Google hates links.

In the last few years SEO folks have been making the change from “Site Tweaker” to proper marketing people. We’re focusing on design and user experience more than ever before and I’m seeing a move from link filled pages to sparse high quality design.

Like Flash?

Sadly, yes. Way back in the days of Flash websites we would have 5-10 links on each flash page. It was minimalist, engaging, beautiful and it wouldn’t rank on Google if it had a endorsement from Matt Cutts. So us SEO folk would get rid of the rich experience to add a wall of text linking to the rest of the site, a few related sites with a token image and a carousel (of course).

So much link filled goodness.

Yeah, it would get you to rank well, but it made pages hard to consume. In the last few years people using this model have watched their numbers and rankings going down.

So what changed?

Nothing really. Google and Matt Cutts have been telling us since 2004 that pages should have less than 100 links. Google concluded users ignore navigation menus as early as 2003. Sliders have been found to be bad for user experience. So all the information was there, inbound marketers just didn’t see the need till the numbers weren’t meeting the mark anymore.

So…SEO is dead.

Aaargh! It is not dead, SEO evolves like it always does. So how do we evolve this time? If you take all the advice above and apply it to a site you get a responsive page of graphics and cool formatted content that has a few clear links to where you want your users to go.

How’s that again?

Yeah that was a bit quick. Here’s a list and a graphic (right):

  • Responsive Design – Adjusts with the width of the browser automatically adapting to whatever device the site is being viewed on.
  • Graphics & Videos – Images have always been important, but a well designed page has useful graphics and engaging videos moving the user’s eyes where you want them to go.
  • Formatted Content – With the advent of web fonts, we have more options available to us than ever before. Now your site can look like all the cool marketing materials you could never replicate because you needed to be web friendly.
  • Widgets – This is a seperate category that covers things a user can interact with like maps and other interactive things. These add novelty to the page and give the user a reason to stick around.
  • A Few Clear Links – This is crux of this article. Make your links clear and easy to follow to the places you want your users to go.

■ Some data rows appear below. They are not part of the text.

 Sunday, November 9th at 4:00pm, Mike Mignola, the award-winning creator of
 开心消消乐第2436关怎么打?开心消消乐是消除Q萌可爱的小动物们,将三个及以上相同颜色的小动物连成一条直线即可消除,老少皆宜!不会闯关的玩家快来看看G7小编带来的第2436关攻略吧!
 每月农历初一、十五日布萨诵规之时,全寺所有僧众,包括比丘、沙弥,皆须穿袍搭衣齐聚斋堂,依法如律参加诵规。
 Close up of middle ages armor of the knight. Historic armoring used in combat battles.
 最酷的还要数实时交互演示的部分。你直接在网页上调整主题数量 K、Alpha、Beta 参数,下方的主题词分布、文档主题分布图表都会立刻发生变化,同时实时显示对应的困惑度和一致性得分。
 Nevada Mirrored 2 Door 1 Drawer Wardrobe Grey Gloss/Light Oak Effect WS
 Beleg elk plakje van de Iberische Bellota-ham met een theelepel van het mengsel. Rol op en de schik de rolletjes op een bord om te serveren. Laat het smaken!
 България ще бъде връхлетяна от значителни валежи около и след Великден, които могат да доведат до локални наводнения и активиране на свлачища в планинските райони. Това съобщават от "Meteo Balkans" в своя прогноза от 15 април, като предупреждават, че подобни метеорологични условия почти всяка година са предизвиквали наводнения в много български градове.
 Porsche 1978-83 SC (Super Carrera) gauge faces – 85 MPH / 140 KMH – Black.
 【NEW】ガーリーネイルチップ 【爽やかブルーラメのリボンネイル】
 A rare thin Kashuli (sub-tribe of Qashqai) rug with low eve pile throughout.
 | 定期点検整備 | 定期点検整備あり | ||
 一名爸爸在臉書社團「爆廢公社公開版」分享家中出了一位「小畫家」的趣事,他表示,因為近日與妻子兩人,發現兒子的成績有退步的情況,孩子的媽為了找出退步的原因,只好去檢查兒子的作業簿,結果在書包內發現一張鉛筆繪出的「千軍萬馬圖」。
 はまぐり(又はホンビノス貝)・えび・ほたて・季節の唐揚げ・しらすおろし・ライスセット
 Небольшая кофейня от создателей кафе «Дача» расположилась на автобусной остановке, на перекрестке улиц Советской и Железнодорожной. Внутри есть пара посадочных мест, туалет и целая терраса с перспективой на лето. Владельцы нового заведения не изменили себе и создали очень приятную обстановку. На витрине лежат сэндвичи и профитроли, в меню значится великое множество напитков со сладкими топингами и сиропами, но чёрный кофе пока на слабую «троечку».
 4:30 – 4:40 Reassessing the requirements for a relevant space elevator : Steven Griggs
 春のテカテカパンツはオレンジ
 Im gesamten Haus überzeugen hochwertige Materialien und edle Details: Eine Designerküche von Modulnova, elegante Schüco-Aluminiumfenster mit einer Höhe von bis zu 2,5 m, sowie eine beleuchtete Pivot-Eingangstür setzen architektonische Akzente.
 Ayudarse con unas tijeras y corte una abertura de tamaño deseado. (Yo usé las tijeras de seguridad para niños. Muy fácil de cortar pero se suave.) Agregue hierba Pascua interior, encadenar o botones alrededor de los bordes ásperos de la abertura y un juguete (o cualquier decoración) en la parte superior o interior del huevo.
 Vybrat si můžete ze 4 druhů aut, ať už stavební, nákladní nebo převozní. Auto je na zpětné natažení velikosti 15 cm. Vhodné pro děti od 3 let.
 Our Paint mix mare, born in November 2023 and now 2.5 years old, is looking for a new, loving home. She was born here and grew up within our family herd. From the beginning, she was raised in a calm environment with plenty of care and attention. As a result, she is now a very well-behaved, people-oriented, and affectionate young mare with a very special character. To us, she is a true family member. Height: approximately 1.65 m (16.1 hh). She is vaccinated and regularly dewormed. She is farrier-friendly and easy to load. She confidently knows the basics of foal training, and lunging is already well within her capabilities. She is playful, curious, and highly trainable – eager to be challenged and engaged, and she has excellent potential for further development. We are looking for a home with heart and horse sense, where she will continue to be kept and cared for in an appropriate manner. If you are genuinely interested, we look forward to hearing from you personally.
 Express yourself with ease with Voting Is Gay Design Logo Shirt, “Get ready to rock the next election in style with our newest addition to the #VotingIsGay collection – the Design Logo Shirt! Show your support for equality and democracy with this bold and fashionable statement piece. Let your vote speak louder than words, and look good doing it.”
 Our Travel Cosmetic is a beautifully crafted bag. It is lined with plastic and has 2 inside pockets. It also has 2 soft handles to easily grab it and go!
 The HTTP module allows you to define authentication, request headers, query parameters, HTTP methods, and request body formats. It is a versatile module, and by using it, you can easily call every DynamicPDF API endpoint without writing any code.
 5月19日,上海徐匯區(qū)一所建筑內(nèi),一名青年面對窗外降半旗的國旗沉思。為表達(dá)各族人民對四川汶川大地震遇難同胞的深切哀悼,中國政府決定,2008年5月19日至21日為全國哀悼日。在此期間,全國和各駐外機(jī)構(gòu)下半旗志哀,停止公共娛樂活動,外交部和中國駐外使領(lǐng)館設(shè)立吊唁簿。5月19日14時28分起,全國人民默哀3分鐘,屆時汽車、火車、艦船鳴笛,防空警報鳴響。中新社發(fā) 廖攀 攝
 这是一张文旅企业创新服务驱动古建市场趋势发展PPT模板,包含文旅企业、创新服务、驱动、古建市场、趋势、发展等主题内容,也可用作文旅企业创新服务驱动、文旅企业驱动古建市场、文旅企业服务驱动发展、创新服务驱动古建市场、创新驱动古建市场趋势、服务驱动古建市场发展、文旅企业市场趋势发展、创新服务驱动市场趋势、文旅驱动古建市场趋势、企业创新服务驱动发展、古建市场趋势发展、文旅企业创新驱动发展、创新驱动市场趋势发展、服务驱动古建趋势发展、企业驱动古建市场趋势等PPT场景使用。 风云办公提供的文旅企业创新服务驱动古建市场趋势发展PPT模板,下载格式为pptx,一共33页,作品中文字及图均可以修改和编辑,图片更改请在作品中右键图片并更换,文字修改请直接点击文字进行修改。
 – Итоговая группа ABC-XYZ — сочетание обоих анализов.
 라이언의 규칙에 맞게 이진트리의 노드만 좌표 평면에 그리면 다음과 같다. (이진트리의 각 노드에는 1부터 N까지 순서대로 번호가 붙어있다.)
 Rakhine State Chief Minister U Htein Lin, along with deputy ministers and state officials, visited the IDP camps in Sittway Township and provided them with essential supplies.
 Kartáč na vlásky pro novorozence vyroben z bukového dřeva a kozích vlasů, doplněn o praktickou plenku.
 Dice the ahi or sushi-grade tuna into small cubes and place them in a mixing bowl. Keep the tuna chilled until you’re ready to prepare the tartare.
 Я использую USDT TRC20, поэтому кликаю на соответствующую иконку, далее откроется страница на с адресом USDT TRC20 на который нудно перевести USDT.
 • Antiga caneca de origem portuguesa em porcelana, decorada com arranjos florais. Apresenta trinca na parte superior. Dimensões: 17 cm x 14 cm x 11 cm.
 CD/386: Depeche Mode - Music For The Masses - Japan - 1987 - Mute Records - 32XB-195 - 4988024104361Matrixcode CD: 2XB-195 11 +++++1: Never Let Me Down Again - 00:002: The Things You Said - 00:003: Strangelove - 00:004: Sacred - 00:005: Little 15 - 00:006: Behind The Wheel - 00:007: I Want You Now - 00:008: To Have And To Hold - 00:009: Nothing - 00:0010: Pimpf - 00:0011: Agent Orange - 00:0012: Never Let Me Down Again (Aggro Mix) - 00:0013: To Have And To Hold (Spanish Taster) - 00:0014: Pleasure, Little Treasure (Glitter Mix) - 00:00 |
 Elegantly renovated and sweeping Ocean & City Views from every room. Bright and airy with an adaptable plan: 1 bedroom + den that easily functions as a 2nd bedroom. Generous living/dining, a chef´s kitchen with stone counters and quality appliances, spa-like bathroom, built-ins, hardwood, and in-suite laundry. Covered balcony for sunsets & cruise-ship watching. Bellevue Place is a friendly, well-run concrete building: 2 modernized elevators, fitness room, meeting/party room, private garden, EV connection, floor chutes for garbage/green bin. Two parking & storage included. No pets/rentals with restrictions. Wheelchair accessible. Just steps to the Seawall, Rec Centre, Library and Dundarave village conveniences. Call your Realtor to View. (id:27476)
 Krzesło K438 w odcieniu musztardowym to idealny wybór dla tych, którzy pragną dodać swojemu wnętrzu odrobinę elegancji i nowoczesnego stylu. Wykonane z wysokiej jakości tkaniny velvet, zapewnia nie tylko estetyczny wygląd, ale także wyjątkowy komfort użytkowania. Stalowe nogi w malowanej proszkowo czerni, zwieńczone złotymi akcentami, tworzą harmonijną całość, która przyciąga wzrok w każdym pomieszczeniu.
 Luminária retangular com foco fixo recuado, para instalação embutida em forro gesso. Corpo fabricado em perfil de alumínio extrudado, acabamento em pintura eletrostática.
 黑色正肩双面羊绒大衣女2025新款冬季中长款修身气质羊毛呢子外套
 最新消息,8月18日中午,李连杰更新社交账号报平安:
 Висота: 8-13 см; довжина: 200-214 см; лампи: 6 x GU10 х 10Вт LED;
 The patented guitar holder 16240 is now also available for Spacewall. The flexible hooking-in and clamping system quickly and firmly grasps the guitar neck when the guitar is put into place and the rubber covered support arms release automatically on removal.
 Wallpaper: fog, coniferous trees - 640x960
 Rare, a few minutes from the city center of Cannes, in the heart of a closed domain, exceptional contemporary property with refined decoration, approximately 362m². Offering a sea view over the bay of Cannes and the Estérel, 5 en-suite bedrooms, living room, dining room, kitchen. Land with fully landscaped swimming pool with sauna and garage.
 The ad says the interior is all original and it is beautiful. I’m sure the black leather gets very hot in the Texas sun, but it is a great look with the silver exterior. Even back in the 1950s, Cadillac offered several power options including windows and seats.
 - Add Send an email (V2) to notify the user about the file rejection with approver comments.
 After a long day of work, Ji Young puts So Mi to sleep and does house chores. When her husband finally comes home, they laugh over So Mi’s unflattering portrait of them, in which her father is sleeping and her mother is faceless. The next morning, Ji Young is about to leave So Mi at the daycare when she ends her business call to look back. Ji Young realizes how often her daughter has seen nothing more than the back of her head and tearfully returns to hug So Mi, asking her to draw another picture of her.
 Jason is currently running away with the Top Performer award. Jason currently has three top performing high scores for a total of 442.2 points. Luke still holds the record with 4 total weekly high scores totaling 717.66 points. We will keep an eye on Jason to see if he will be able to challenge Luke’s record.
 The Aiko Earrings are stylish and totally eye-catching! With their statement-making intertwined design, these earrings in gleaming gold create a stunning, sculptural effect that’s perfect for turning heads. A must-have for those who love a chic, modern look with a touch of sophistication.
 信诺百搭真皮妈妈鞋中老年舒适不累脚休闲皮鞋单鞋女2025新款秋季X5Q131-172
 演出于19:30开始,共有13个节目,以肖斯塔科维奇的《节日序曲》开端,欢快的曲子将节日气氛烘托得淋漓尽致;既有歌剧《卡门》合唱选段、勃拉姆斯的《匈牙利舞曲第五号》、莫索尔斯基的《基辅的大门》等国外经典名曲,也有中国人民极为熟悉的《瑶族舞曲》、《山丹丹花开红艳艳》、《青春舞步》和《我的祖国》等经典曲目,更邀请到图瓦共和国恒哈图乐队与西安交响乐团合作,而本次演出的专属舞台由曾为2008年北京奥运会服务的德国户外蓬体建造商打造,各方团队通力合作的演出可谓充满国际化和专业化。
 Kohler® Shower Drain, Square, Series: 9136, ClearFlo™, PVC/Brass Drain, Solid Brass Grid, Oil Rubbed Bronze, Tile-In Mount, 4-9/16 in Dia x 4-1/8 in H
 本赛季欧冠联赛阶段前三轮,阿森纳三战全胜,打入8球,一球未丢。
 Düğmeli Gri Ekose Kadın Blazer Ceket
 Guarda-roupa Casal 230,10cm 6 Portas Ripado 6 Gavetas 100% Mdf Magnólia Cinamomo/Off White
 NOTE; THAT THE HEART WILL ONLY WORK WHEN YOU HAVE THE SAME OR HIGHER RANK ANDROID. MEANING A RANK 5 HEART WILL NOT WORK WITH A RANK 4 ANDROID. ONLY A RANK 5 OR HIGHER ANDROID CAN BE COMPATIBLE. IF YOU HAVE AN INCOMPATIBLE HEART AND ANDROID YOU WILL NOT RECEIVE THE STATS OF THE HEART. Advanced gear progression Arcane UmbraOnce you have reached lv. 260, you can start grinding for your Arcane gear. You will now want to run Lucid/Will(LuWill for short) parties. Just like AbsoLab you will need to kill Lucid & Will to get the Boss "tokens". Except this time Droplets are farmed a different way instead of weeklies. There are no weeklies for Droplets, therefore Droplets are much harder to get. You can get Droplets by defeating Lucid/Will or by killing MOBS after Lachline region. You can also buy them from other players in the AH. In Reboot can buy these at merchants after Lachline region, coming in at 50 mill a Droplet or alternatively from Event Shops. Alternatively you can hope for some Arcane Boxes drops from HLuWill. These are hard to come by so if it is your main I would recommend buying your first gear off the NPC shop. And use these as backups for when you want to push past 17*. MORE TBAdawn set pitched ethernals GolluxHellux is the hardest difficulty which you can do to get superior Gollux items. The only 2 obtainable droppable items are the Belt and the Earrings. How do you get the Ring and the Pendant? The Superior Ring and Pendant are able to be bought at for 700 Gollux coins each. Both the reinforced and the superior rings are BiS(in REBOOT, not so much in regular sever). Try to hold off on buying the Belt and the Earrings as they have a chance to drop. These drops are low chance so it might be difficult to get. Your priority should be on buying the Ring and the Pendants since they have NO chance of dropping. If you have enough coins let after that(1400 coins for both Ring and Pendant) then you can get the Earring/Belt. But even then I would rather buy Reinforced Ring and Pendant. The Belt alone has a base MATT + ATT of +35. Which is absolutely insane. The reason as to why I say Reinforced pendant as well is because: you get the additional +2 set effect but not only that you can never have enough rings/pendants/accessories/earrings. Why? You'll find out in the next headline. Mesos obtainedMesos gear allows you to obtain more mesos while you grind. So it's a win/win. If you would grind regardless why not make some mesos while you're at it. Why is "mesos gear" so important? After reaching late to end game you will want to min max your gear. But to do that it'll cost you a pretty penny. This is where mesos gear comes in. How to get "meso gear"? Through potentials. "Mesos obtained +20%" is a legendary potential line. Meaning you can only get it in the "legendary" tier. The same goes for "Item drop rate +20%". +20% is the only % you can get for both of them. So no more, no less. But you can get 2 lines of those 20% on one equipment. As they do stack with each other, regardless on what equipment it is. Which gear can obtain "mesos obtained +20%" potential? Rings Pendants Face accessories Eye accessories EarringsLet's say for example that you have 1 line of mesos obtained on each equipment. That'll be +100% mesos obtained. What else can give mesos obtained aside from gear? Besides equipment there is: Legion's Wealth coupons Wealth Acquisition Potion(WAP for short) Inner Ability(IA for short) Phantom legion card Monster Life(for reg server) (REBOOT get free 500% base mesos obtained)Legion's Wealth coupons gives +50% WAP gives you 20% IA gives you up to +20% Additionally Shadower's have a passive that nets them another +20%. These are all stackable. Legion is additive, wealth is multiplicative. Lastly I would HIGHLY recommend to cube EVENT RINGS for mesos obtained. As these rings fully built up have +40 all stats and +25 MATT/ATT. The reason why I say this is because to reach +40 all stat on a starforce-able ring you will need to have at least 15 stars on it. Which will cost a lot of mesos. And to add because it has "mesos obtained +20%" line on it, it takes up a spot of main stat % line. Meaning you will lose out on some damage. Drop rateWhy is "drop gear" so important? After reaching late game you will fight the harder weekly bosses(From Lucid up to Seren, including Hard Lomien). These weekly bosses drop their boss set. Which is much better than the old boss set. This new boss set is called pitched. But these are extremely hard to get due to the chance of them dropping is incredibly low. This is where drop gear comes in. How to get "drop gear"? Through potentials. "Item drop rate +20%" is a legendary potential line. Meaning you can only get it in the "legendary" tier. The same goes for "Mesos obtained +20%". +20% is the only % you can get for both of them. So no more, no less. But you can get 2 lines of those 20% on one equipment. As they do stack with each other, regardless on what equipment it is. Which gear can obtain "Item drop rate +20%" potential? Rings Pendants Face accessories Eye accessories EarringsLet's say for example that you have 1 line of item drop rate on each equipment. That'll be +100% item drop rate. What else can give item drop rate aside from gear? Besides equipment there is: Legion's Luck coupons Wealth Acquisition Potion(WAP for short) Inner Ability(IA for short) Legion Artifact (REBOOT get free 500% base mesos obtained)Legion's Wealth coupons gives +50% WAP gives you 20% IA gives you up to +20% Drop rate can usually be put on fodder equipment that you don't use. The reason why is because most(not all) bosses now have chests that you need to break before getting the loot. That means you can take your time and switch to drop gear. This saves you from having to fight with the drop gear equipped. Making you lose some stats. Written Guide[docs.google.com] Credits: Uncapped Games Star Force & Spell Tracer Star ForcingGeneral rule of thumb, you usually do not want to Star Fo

What do you mean by a few links?

If you look at the user behavior on a website, there are only about four or five pages users go to immediately after arriving at your home page. Why in the world would you have over 100 links when less than ten are being interacted with? Find the places people go and help them get there.

So what links should I use?

Get rid of the menus: top, bottom, right and left. Replace the top menu with four or five links to your site’s main sections. Write short clear content about your site with links to the most popular pages in it. No side menus, no carousel and a footer with a few links in it (like contact, legal & sitemap). You might include special announcements under the main content section and that’s it.

Seems sparse.

It is, but you are helping your users out. Using this process your visitors will be able to find what they are looking for much faster. Much better than hunting through endless menus till they use the site search, or worse, click the sitemap at the bottom.

Does Google hate links?

No, Google loves links. They just hate the misuse of links which is why they ignore your navigation menus, link clouds, footer links, right menu links and left menu links. They love what you talk about on your site and want to give the most value to the links you talk about. If there is no conversation, the link has less value. Put value back into your website.